Call support. Same thing happened to me. Partition table of file system was corrupt.. I rebuilt the filesystem with a few easy commands and all of my VM's were back. If you would like, I can post the commands that I performed, but it would be best to get the info from them..
Mike
Hi Hompie,
Have you done a unattended install of a ESX server using the kickstart file that was seeing the same lun??
Gert
Hi,
No, this is an installation which was done months ago, and then upgraded two weeks ago to 3.0.1.
there are for luns on the system, one of them got lost. The Vmotion never had problems before, i also don;t think it;s vmotion. The VMFS simply disappeared.
Can you see that lun under Storage Adapters in Config Tab?
Call support. Same thing happened to me. Partition table of file system was corrupt.. I rebuilt the filesystem with a few easy commands and all of my VM's were back. If you would like, I can post the commands that I performed, but it would be best to get the info from them..
Mike
Hi,
I can see the LUN, but indeed i suspect that the Partition table is corrupt.
Hi,
Please post the commands, i'm still waiting for feedback from support
Hi I have seen this at a client of us.
Check offline for document
i,
Problem is already solved
Hi,
After logging a call with Vmware they remotely solved the problem.

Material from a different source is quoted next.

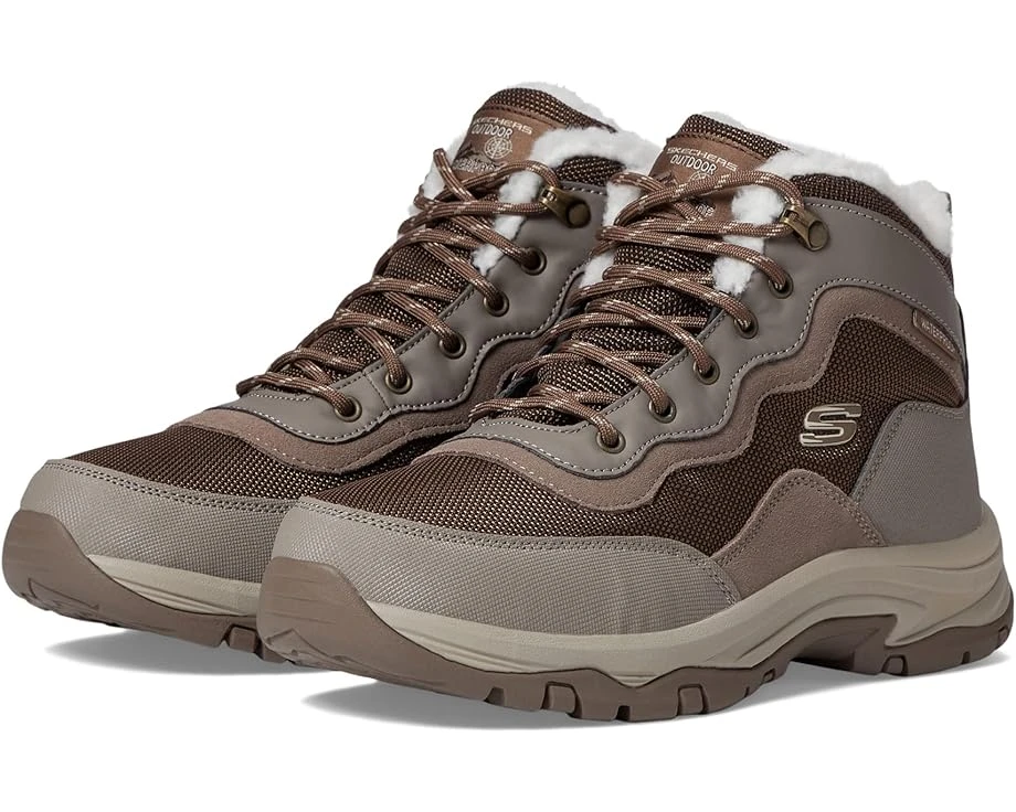 A perfect blend of toasty comfort and rugged style, the SKECHERS® Trego – Mountain Scenery boots will keep you at ease throughout your hiking trail. SKU: #9788594Heavy mesh and synthetic upper with suede overlaysSherpa lining offers enhanced insulation. Air Cooled Memory Foam® insole cushions during foot impact.EVA midsole. Relaxed Fit® design provides a roomy, comfortable fit.Waterproof construction. Lace-up closure ensures a customized fit. Round toe silhouette. Signature logo detail on the quarter. Low heel design. All-terrain rubber traction outsole.Imported. Measurements:

They advise to allways open a call, and note that this is not part of regular support but they will try to help.
Apparently the VMFS partition table was destroyed, this can be caused by windows writing a signature to the disk.
We don;t have any windows hosts attached to the lun, so that is very weird, but i can imagine it went wrong druing the 3.0.1 upgrade.
Anyhow, they solved it using fdisk, and advised to not try this at home, allways cal support.
Hi,
I have the same problem. I lost a Lun on ESX.
Can you please post the instructions here, or mail me the instructions to **jagroep71*at*hotmail.com**
Please leave out the asterixes in the email address.
Thanks,
Jagroep
Hi , Is it possible to get this document also? Our test environment faced this yesterday.
kim
Hi can you please send me the document? My e-mail address is afokkema \{at} gmail dot com
wouldnt it be easier if Vmware are reading for them to post as a KB!
Same problem here, still no commands published by anyone?
I fixed it by holding my breath and using fdisk .. i'd have to dig up the commands in the office. (home sick with flu at the mo).
Thanx, I've already contacted VMware support... did some fancy trick's with fdisk but unfortunately the LUN was really damaged and fdisk couldn't same me no more
We had the same issue after reinstalling a host.
VMware support helped me to fix the lost partition table information using fdisk. The root cause was the san cable which was plugged in while unattend setup of esx. The esx host does not care about existing VMFS volumes and destroys the tables. By VMware this is fixed in 3.02
If anyone likes I can post the required "dangerous" commands to use fdisk in this case of horror.
Regards
Michael
please post those commands just for reference...
thanks.
I've the same problems here with three 3.0.1 servers. Two still operate on the LUNs, but one cant get access to the vmfs3 LUN, so the filesytem can't be destroyed, but corrupted. Any chance on getting hands on the fdisk parameters for fixing this?
Regarding to the comment, that it should be fixed in 3.0.2 ... well i tried to reinstall one of the four servers with 3.0.2 and still no access to the LUN. I read it could have caused by the fibre cable ?!